» **Task to complete**
Beneath this line are the data; copy exactly the part of them that opens with the line containing "(A fotón a kapu" and closes with the line containing "- JUST ONE TABLET", and only that part.

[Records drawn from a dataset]
----------
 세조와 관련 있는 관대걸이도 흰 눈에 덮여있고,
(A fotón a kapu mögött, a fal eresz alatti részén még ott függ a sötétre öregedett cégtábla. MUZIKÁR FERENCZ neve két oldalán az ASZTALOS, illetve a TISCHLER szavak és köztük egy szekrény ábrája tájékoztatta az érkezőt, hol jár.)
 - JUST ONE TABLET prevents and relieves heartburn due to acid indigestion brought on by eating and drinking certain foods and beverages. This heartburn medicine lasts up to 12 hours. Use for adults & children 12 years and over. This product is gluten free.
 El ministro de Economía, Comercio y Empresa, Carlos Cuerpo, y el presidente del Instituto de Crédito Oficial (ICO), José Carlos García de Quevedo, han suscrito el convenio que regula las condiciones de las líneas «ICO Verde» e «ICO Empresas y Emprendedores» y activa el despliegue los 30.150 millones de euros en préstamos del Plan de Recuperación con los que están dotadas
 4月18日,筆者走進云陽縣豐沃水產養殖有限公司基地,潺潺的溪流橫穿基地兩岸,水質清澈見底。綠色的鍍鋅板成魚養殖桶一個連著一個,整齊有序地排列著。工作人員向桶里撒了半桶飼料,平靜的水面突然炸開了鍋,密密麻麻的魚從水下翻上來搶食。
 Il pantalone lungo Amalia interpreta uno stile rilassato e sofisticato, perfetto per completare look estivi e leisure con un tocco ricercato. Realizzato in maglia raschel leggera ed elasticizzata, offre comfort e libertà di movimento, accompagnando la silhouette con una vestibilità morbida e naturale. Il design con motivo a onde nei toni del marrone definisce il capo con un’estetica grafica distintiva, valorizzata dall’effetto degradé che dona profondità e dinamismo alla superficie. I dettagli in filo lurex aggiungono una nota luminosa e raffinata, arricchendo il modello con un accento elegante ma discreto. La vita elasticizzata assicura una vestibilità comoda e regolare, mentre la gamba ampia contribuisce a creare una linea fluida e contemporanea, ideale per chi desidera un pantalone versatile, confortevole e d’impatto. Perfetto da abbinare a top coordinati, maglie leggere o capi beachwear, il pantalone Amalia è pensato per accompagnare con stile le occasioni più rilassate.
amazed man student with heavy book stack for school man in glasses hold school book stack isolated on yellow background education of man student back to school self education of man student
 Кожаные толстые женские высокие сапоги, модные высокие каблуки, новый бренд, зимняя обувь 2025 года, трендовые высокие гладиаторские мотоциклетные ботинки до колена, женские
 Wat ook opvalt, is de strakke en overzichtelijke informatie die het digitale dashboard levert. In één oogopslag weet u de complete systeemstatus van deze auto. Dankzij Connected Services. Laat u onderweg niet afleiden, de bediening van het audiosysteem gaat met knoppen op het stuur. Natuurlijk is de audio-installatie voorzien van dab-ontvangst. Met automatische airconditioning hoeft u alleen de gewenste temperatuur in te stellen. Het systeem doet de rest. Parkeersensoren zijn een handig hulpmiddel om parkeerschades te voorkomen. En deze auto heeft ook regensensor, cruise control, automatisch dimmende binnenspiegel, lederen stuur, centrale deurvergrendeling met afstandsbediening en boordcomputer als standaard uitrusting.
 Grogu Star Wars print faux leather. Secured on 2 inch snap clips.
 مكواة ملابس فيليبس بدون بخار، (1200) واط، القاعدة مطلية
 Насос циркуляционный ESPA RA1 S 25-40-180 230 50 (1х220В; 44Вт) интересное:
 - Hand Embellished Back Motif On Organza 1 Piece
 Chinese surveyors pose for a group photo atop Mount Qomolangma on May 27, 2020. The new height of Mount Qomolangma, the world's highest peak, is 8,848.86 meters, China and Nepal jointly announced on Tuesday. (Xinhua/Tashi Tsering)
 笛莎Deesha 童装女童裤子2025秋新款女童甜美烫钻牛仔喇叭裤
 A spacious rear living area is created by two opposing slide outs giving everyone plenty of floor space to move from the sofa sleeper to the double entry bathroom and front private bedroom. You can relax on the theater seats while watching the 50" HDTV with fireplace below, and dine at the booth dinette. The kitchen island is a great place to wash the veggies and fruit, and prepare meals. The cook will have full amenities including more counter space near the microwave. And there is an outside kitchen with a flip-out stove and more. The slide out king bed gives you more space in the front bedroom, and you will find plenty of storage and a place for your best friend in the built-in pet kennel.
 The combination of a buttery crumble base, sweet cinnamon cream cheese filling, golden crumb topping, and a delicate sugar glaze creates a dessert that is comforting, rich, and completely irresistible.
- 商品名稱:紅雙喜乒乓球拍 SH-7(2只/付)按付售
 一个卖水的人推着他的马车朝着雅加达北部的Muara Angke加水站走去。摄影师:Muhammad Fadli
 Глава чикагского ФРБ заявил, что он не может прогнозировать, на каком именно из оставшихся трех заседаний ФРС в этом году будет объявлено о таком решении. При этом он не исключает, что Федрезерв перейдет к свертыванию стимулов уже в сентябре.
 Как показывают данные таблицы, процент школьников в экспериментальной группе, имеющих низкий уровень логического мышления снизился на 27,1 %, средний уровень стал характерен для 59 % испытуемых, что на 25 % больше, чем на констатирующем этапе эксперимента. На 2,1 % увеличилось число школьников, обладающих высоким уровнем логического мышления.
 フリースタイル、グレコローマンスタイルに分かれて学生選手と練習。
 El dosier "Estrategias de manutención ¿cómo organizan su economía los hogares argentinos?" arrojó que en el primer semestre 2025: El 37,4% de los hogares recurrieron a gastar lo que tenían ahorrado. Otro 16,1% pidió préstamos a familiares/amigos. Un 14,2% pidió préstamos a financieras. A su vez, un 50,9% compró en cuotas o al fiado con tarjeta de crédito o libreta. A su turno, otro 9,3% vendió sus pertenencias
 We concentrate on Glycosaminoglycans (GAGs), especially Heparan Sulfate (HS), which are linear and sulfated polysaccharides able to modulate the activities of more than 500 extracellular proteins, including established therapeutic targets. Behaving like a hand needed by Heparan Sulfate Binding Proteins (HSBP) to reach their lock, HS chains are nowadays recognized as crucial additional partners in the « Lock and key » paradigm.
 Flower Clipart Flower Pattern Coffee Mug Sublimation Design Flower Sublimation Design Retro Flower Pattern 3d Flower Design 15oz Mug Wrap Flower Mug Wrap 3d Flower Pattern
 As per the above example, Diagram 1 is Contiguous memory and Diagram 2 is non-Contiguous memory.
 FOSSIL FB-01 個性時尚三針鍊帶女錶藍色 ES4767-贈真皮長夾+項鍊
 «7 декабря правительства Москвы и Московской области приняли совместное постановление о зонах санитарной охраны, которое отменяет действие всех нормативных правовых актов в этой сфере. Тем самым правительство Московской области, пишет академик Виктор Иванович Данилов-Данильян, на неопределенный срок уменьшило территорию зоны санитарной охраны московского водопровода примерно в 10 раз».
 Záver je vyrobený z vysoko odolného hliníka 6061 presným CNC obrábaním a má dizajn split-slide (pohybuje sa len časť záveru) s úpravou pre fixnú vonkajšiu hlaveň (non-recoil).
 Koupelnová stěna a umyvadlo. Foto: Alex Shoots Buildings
----------
» **Solution below**
(A fotón a kapu mögött, a fal eresz alatti részén még ott függ a sötétre öregedett cégtábla. MUZIKÁR FERENCZ neve két oldalán az ASZTALOS, illetve a TISCHLER szavak és köztük egy szekrény ábrája tájékoztatta az érkezőt, hol jár.)
 - JUST ONE TABLET prevents and relieves heartburn due to acid indigestion brought on by eating and drinking certain foods and beverages. This heartburn medicine lasts up to 12 hours. Use for adults & children 12 years and over. This product is gluten free.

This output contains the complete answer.